### TASK PROMPT:
Output the line containing "Sur la route" and each line after it through the end of the data, exactly as written, with pictures left out.

### THE DATA:

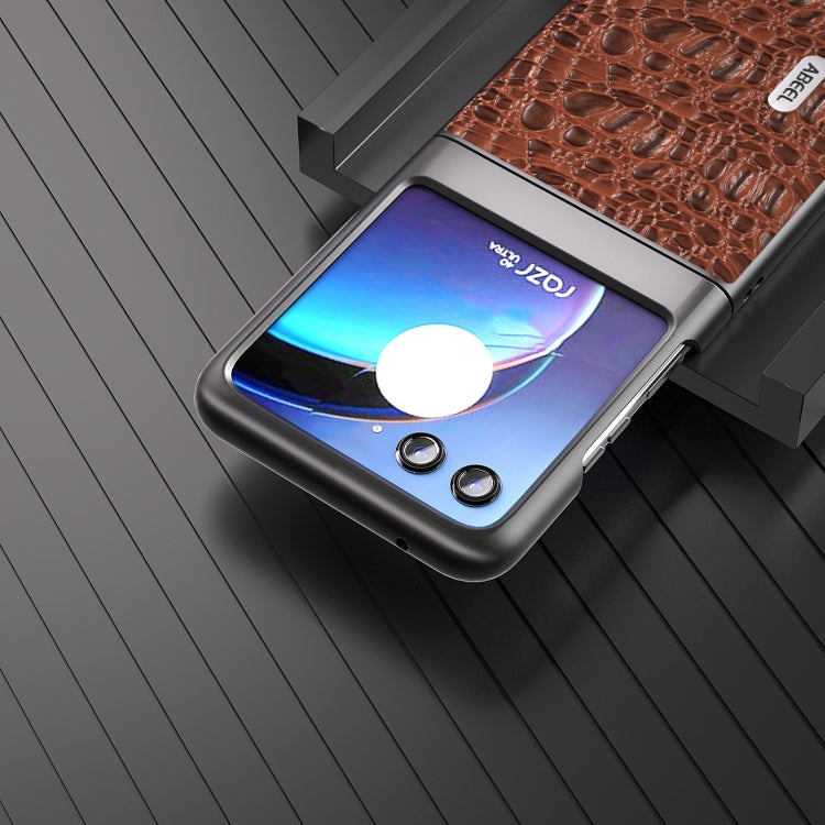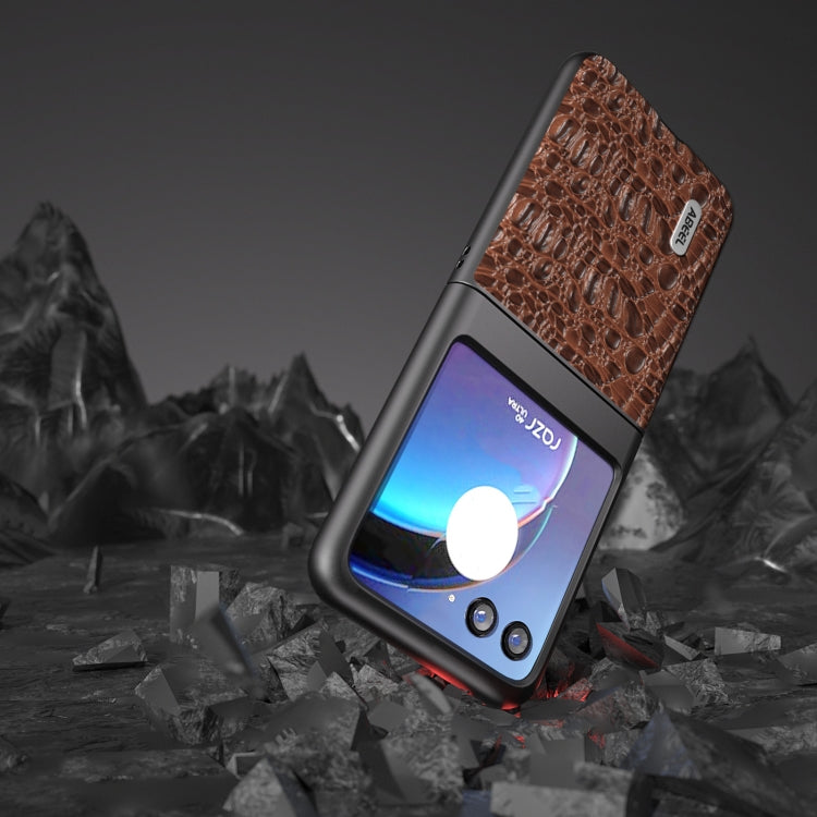 For Motorola Razr 40 Ultra ABEEL Genuine Leather Canopy Black Edge Phone Case(Brown)
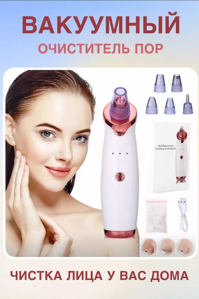 Электрический вакуумный очиститель пор подарит красоту и чистоту вашей коже в зоне лица и подбородка. Портативный косметологический инструмент подходит для проблемной кожи и служит для очистки овала л... Показать описаниеица и шеи от высыпаний, прыщей, угревой сыпи и черных точек. Самый лучший аппарат массажер очиститель позволит в домашних условиях избавиться от проблем кожи, угрей, сыпи и акне без воспалений, постакне и шрамов. Эффективная косметическая машинка прекрасное средство для очистки кожи от пыли, уменьшения пигментных пятен и лечения заболеваний кожи. Антивозрастной прибор для массажа с насадками разной формы широкая, овальная, узкая, обладает подтягивающим эффектом против морщин и служит для восстановления тонуса кожи. Вы можете использовать это чудо техники для удаления сыпи и подтяжки кожи и дома, и в походных условиях. Вы можете подарить вакуумный очиститель матери, жене или любимой девушке. Настоящий подарок для тех, кто заботится о здоровье лица. Прибор для вакуумной чистки лица поможет улучшить кровообращение, выполнить вакуумный массаж. Вакуум лифтинг настоящий освежитель для лица. Лицо будет выглядеть здоровее и моложе. Вакуумный очиститель пор с камерой сузит поры, поможет избавиться от сальных пробок и комедонов. Вакуумный прибор для очистки кожи имеет несколько уровней мощности всасывания. Аппарат для вакуумной чистки пор работает от собственного аккумулятора, заряда хватит на 3 часа непрерывной работы, заряжается от USB. Вакуумный аппарат компактный, его легко взять с собой в путешествие.
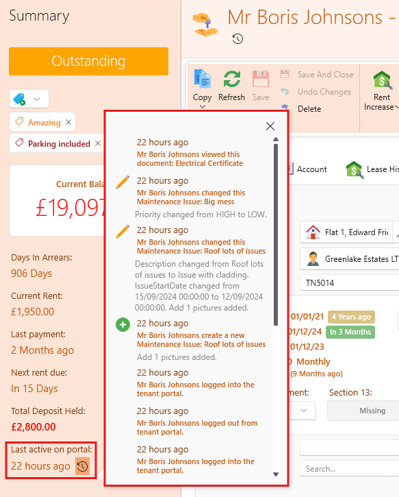 Once the tenant logs in for the first time, their activities will be updated accordingly in the tenant portal.
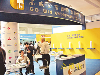 一港企在塑洽會顯著位置搶佔展台。(羅志偉 攝)
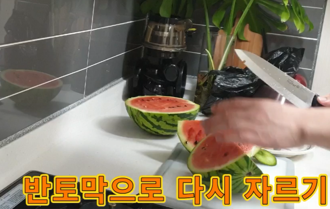 이제 남은 수박 다시 한번 더 가로 세로 자르기 신공 들어가시면 됩니다. 가로로 쫘~악 세로로 쫘~악
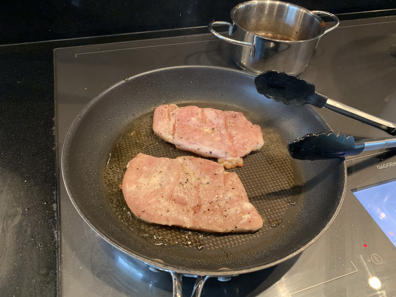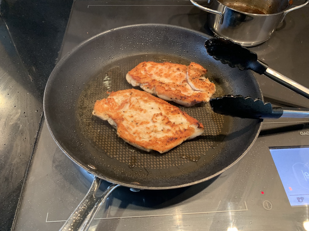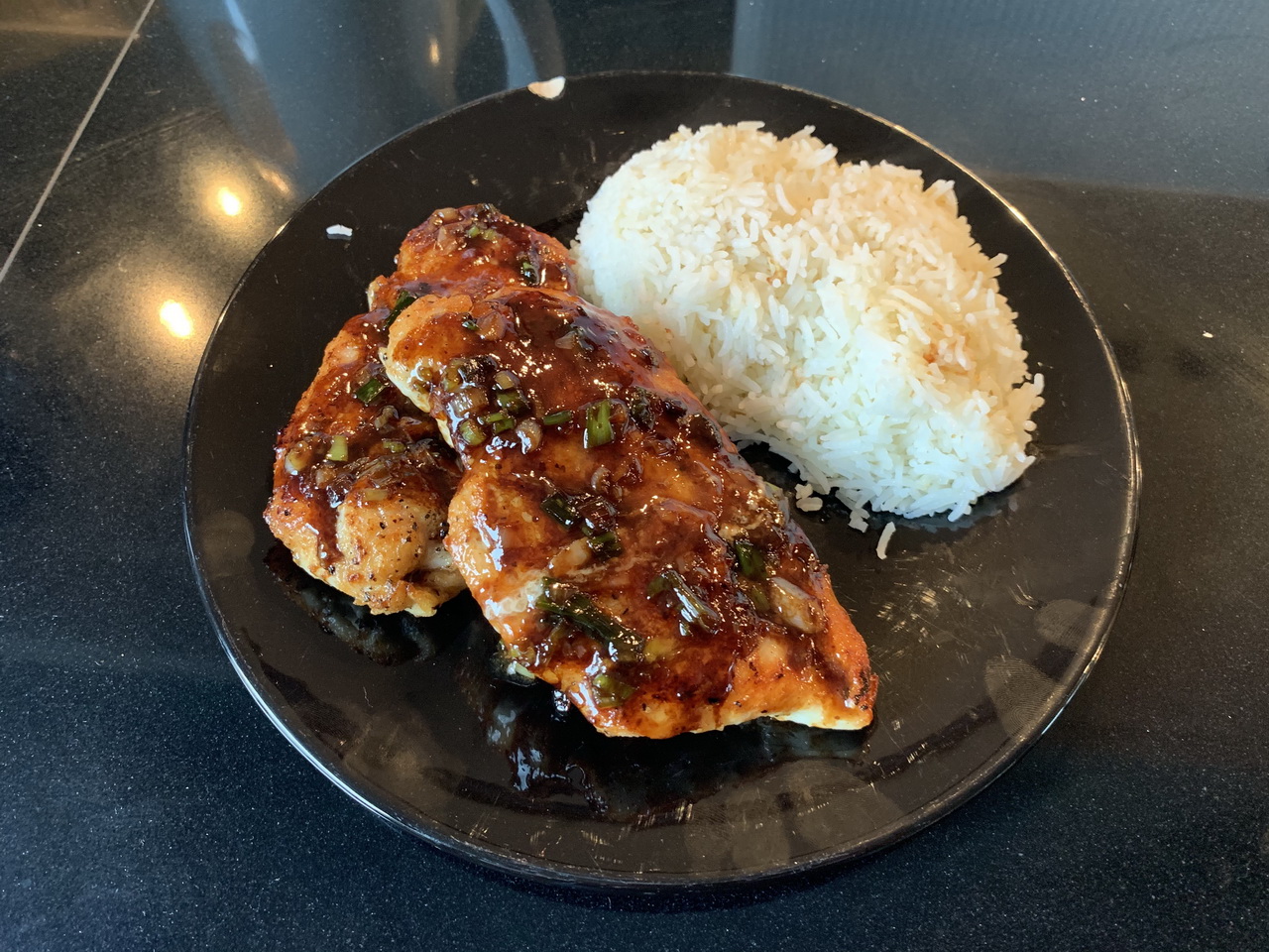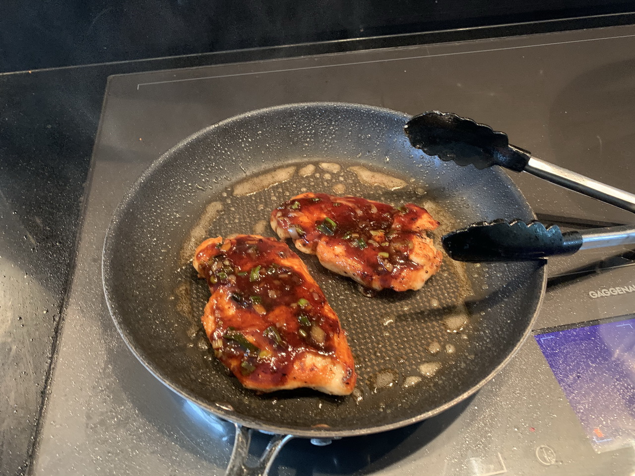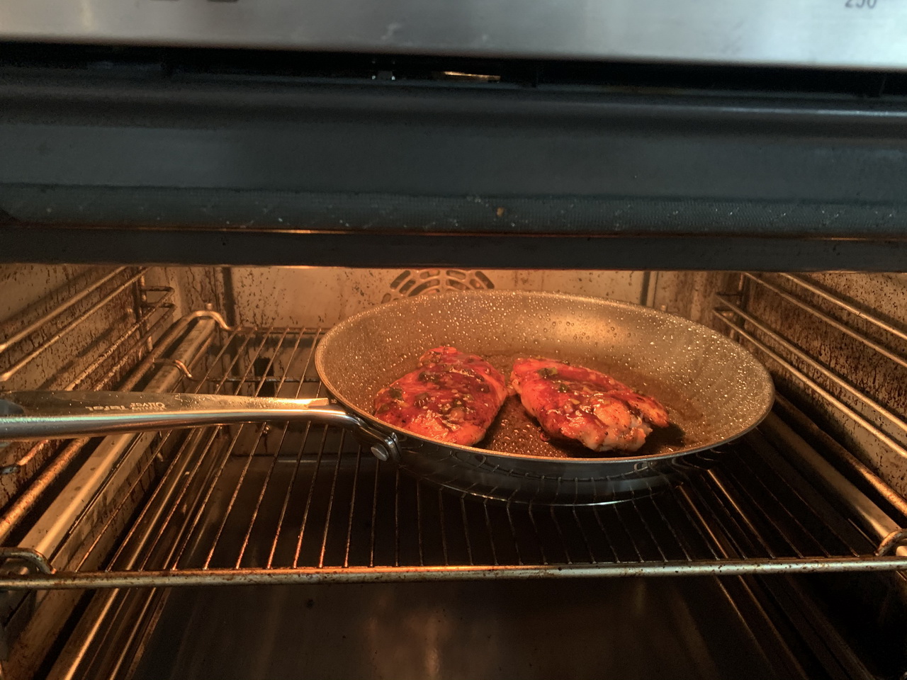 In an oven-safe pan over medium high to high heat, fry the chicken breats for 2-3 minutes each side until nicely browned and cooked about halfway through. Glaze them copiously with the sauce on one side and put into the oven for 6-7 minutes until the sauce caramelizes and the chicken is cooked through completely.
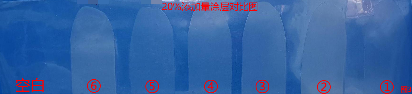 同時使用霧度儀ASTM標準,測試400-700nm波長下,添加20%滑石粉涂層的霧度(濁度)和清晰度(鮮艷性)如上圖2,①滑石粉在20%添加比例下仍可以保持較好的清晰度,對涂層的濁度外觀影響較小;整體的外觀情況如下圖3。
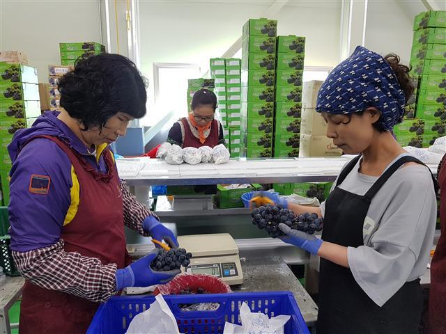 ▲ 지리산농협 농산물 산지유통센터에서 베트남에 수출할 지리산 고랭지 포도를 선별하고 있다.
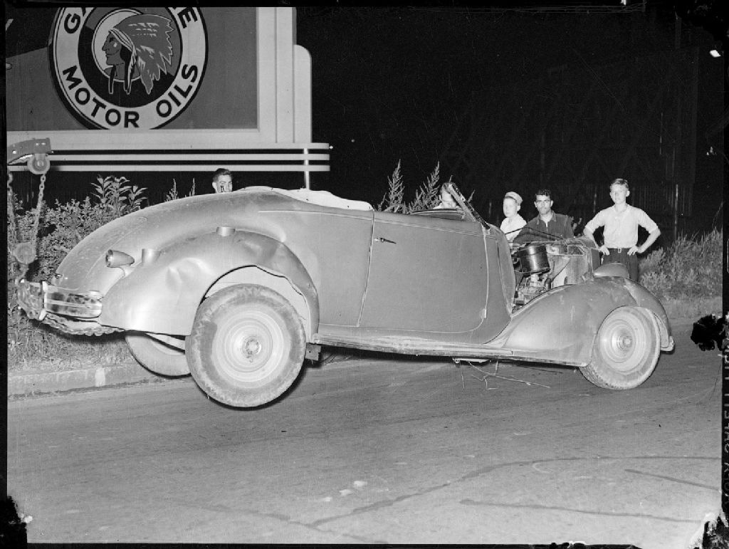 Sur la route de Lachine, nous voyons une automobile accidentée accrochée à une remorqueuse. Près de l'automobile, nous remarquons un panneau publicitaire «Motor Oils»
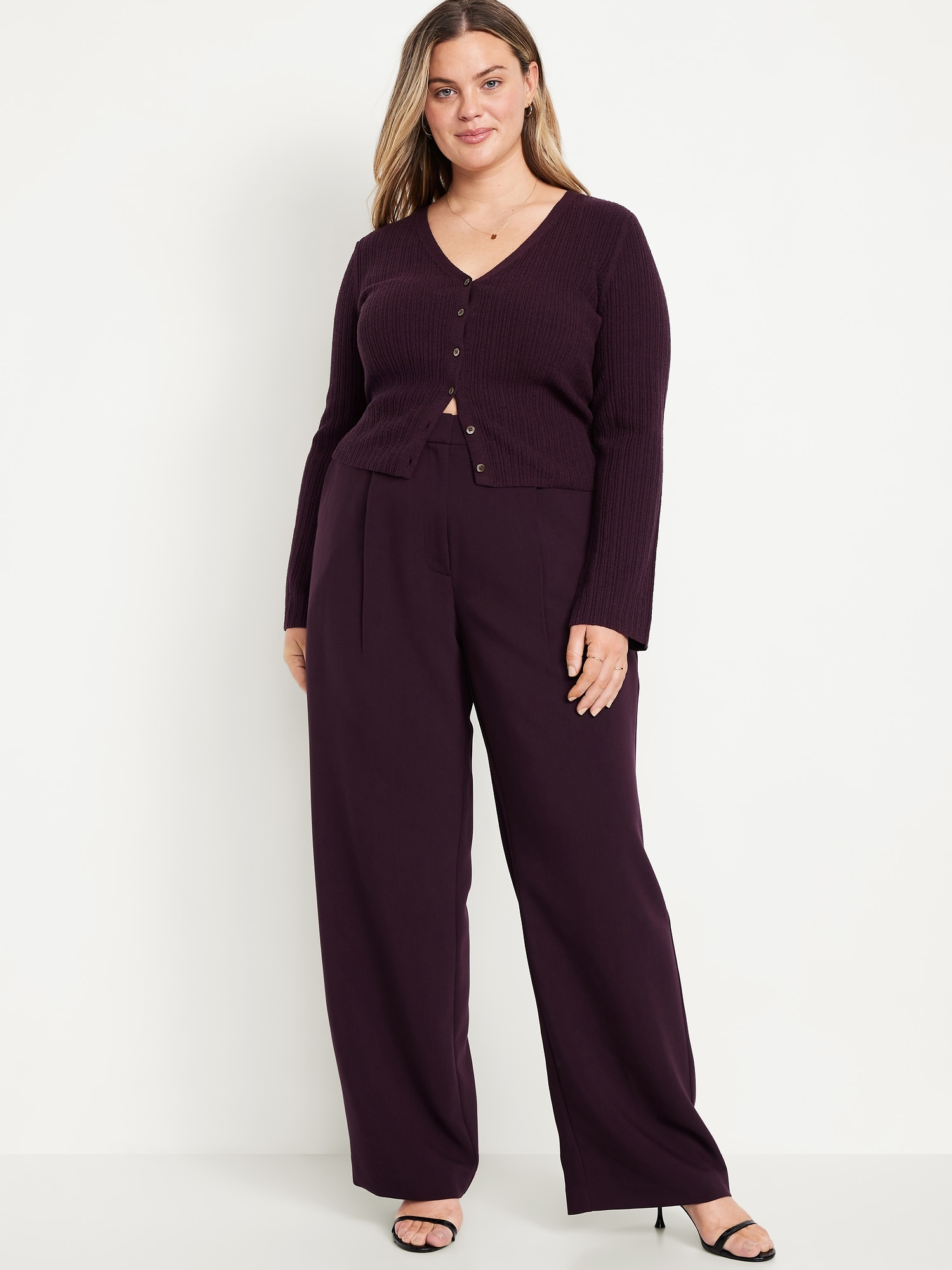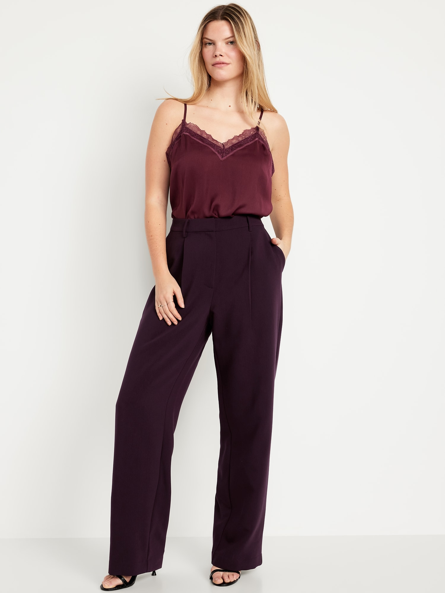 Extra High-Waisted Taylor Wide-Leg Trouser Pants: Tailored pleats. Loose fit. Don’t do 9-5 (or 5-9) without them.adjustable waistband, belt loops, hook-and-bar closure, zip fly, hip pockets, functional back welt pocket, wide leg, #791424

### COMPLETED TASK:
 Sur la route de Lachine, nous voyons une automobile accidentée accrochée à une remorqueuse. Près de l'automobile, nous remarquons un panneau publicitaire «Motor Oils»
 Extra High-Waisted Taylor Wide-Leg Trouser Pants: Tailored pleats. Loose fit. Don’t do 9-5 (or 5-9) without them.adjustable waistband, belt loops, hook-and-bar closure, zip fly, hip pockets, functional back welt pocket, wide leg, #791424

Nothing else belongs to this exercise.